> **TRY IT**:
Set the images aside and retype the whole listing exactly.

> **DATASET EXTRACT**:

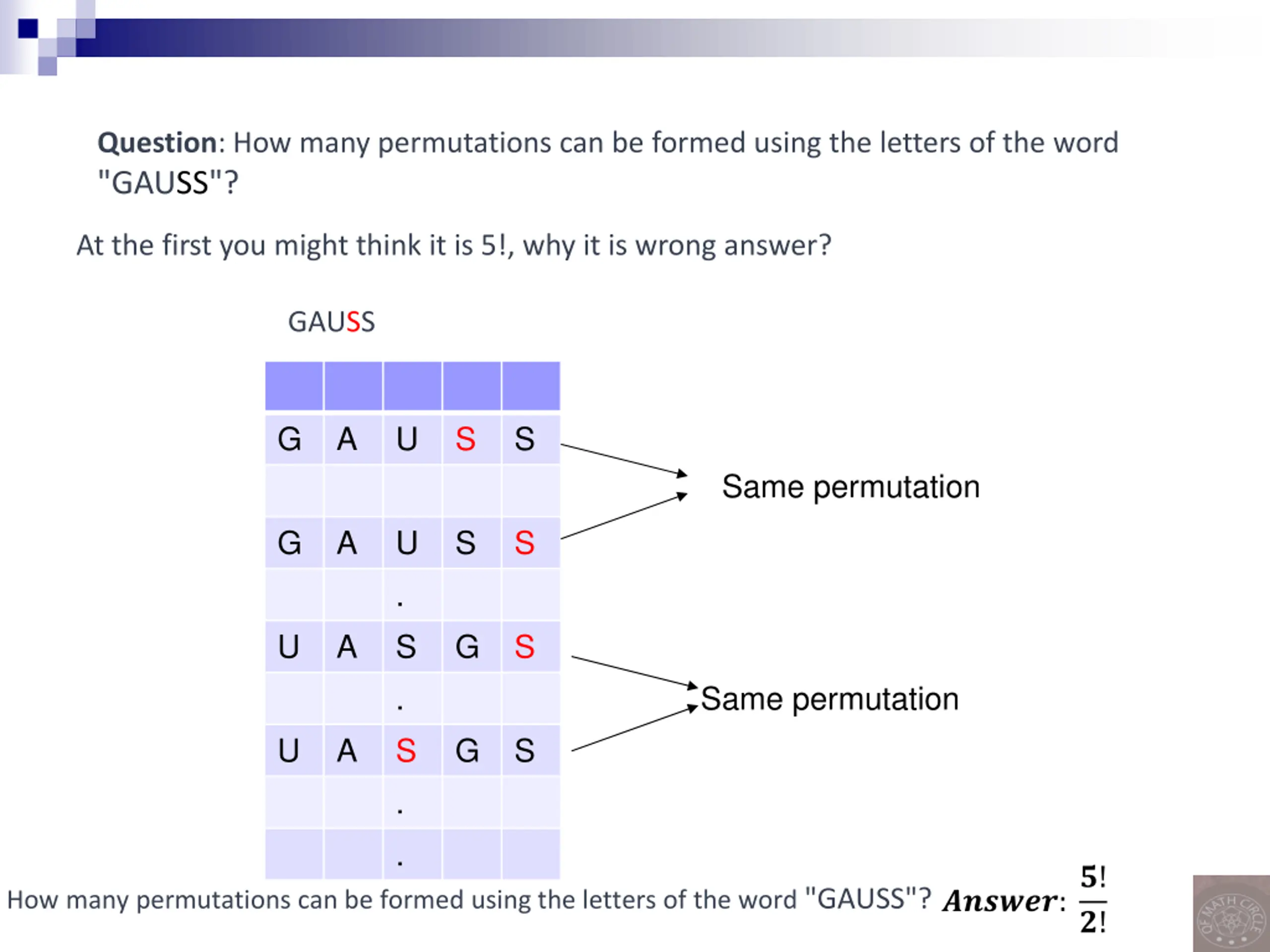 Question: How many permutations can be formed using the letters of the word "GAUSS"? At the first you might think it is 5!, why it is wrong answer? GAUSS G A U S S Same permutation G A U . S . S . . S S U A G S Same permutation U A G S How many permutations can be formed using the letters of the word "GAUSS"???????:?! ?!
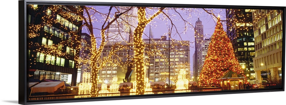 <p>Panoramic photograph of Daley Plaza decked out with Christmas lights in the trees and a large Christmas tree sitting by the fountains.</p>
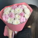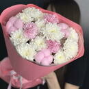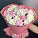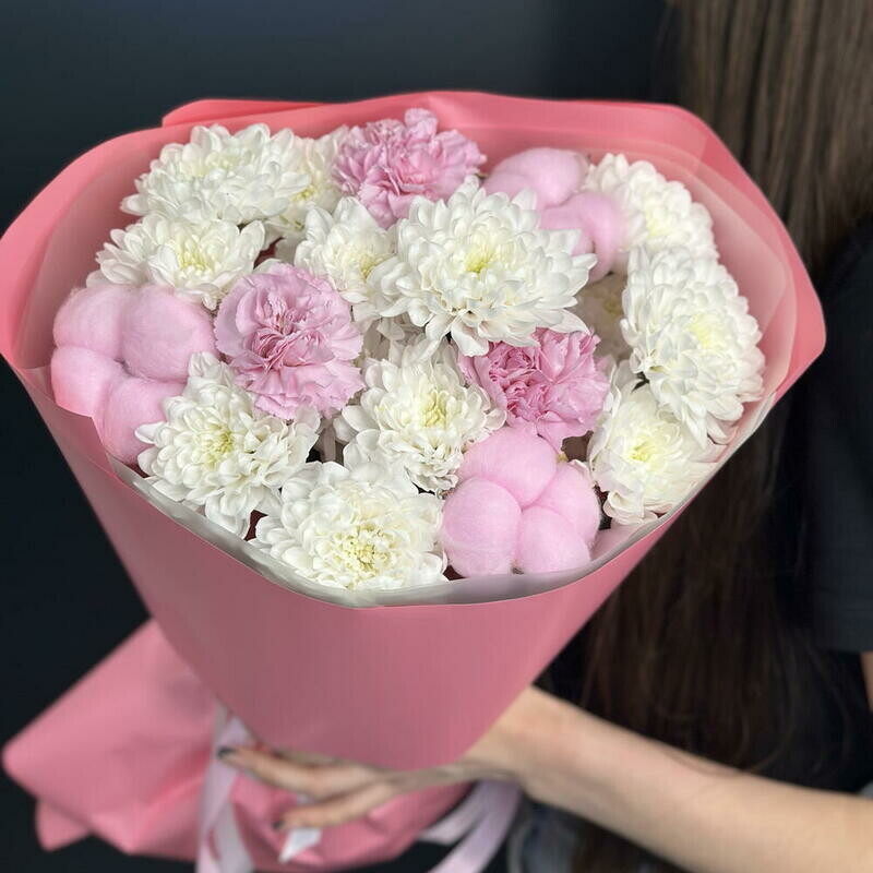 Авторский букет с нежными диантусами, розовым хлопком и хризантемой, стандартный

> **RESULT OF THE TASK**:
 Question: How many permutations can be formed using the letters of the word "GAUSS"? At the first you might think it is 5!, why it is wrong answer? GAUSS G A U S S Same permutation G A U . S . S . . S S U A G S Same permutation U A G S How many permutations can be formed using the letters of the word "GAUSS"???????:?! ?!
 <p>Panoramic photograph of Daley Plaza decked out with Christmas lights in the trees and a large Christmas tree sitting by the fountains.</p>
 Авторский букет с нежными диантусами, розовым хлопком и хризантемой, стандартный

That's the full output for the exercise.